§ **BRIEF**
Among the lines below, output only those between the line holding "子どもたちは,長縄をしたり,鬼ごっこをしたりしています。" and the line holding "Мъжки спортни панталони", inclusive, exactly as written and with no pictures.

§ **INPUT DATA**

BEGIN

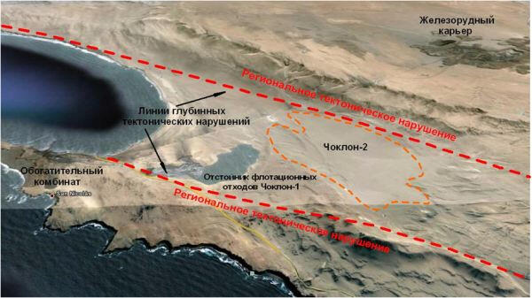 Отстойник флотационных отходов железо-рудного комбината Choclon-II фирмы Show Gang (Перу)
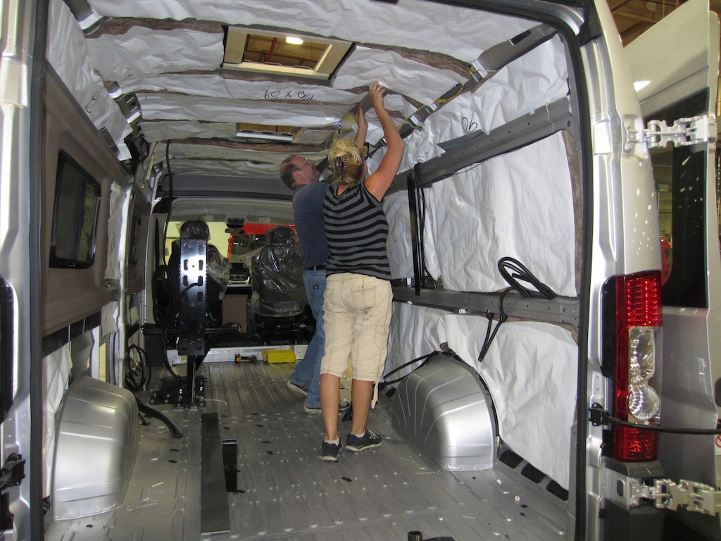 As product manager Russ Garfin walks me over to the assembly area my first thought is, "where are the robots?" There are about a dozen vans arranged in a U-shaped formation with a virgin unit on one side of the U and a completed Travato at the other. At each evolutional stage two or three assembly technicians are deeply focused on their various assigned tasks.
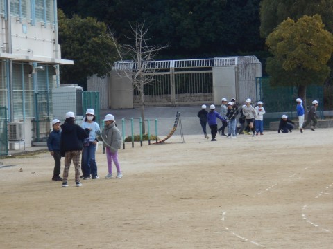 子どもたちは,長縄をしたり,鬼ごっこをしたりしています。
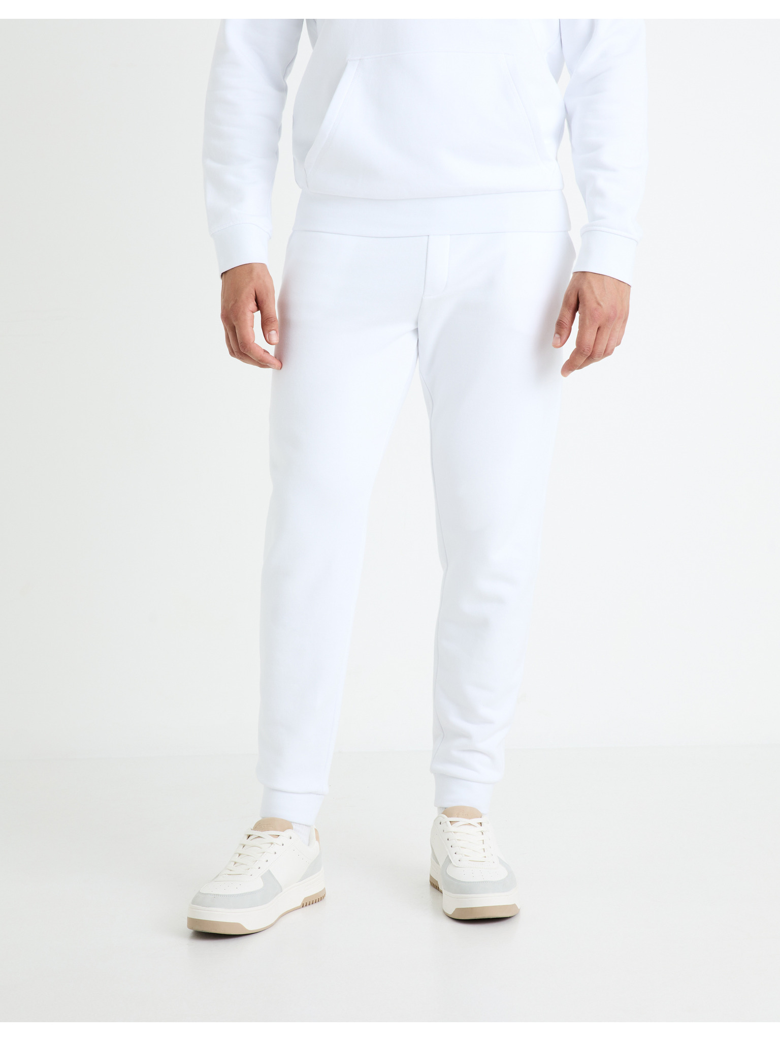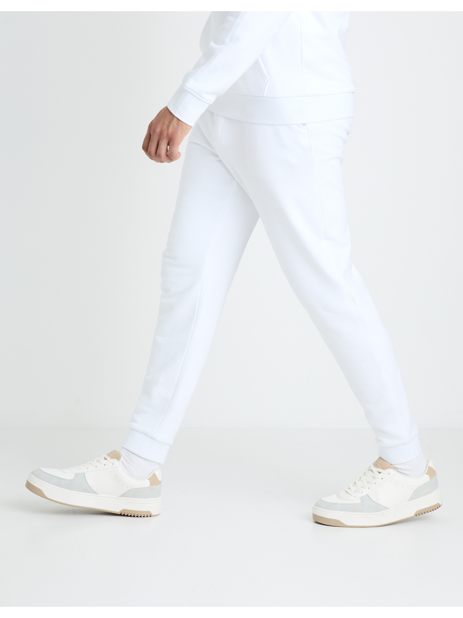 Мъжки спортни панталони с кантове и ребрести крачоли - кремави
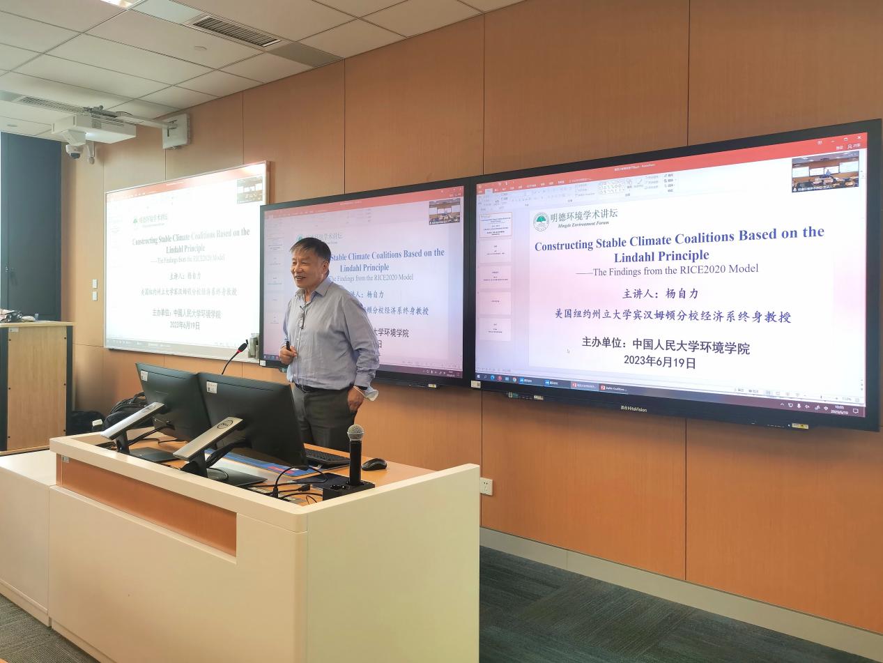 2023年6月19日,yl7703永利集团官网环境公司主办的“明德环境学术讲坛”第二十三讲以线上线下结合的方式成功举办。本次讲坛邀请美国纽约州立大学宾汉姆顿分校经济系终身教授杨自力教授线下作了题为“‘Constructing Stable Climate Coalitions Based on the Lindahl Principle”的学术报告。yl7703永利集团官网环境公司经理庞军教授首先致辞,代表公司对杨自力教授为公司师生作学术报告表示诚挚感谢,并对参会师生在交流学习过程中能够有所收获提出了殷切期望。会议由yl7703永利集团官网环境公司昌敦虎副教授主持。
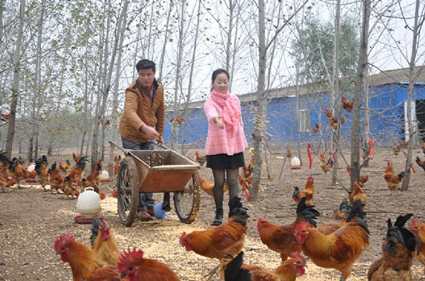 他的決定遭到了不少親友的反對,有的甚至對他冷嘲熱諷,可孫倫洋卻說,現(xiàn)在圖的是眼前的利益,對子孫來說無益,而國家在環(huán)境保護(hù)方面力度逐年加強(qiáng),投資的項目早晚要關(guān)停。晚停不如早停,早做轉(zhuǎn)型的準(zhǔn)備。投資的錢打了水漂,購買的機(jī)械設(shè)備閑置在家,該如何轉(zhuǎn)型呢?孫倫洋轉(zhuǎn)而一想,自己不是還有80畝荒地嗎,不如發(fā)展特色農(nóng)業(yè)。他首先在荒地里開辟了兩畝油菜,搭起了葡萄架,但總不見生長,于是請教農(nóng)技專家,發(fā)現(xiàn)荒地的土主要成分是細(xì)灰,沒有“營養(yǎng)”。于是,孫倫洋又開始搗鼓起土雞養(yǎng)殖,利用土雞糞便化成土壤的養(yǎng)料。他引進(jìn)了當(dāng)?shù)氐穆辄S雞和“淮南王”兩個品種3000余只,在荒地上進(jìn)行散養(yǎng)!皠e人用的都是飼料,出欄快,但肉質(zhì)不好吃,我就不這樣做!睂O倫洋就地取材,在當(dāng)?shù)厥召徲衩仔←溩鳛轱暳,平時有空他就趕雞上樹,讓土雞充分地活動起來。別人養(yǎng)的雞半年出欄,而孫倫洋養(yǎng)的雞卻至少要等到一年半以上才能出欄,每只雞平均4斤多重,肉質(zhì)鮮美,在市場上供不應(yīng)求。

END
BEGIN

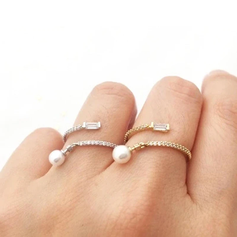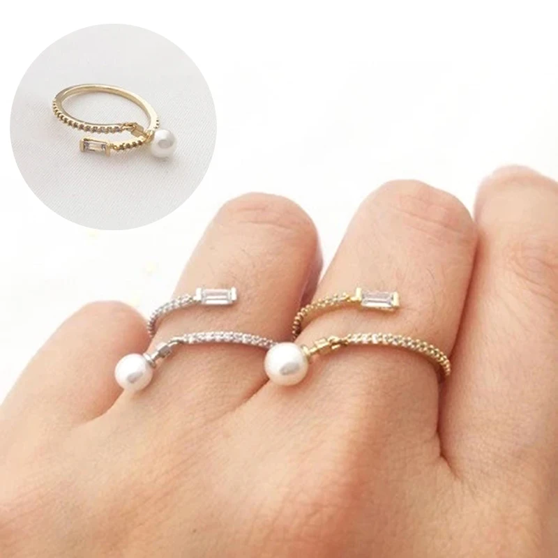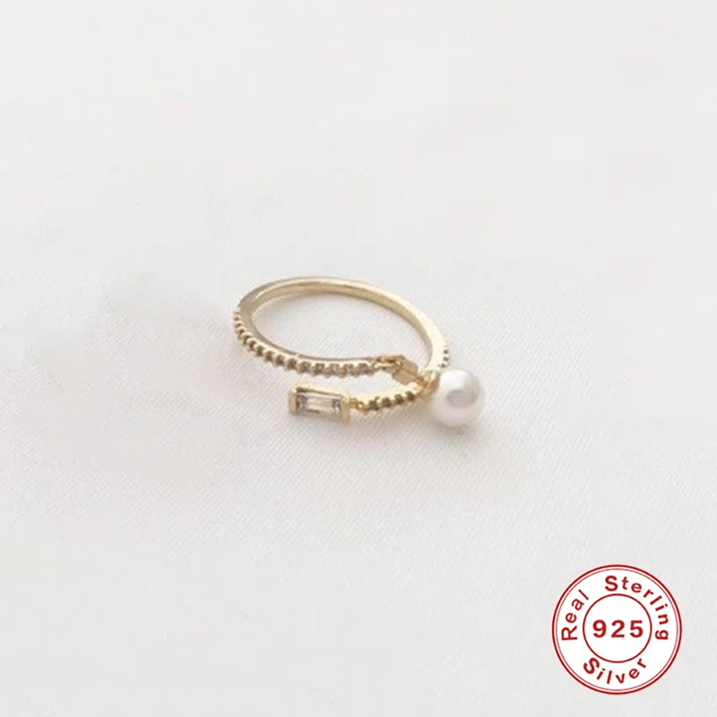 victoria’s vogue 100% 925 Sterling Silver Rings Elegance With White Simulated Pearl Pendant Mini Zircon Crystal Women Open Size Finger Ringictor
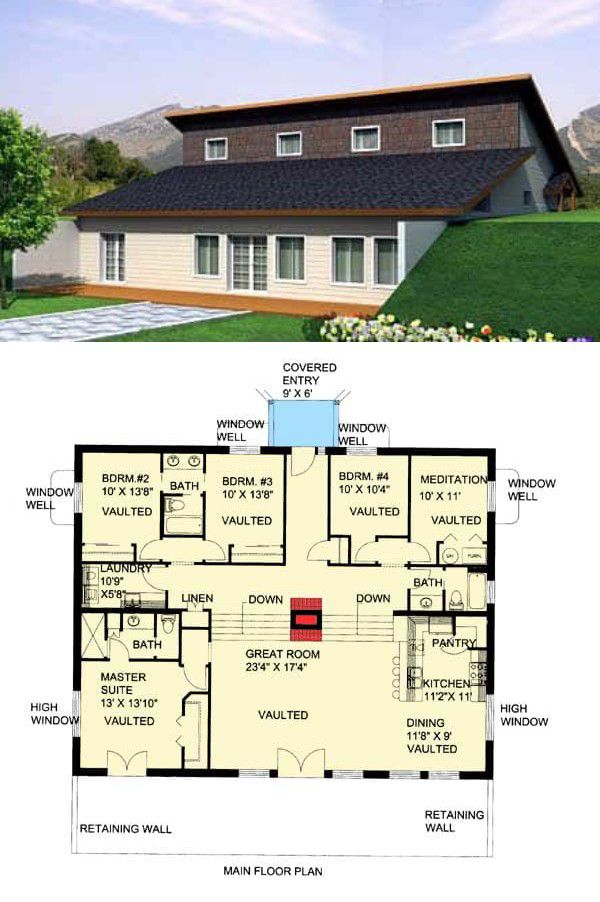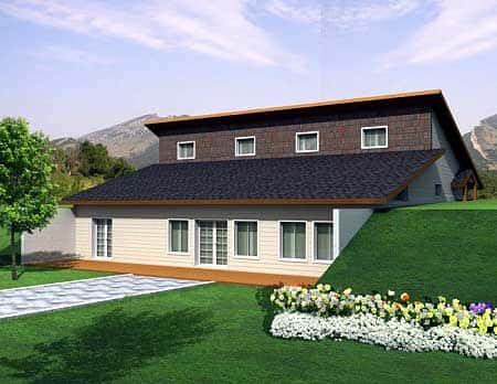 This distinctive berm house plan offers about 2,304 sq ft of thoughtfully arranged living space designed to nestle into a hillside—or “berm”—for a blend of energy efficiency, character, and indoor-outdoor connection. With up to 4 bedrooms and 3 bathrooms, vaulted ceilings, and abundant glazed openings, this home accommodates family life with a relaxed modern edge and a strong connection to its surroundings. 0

END

§ **SOLUTION BELOW**
 子どもたちは,長縄をしたり,鬼ごっこをしたりしています。
 Мъжки спортни панталони с кантове и ребрести крачоли - кремави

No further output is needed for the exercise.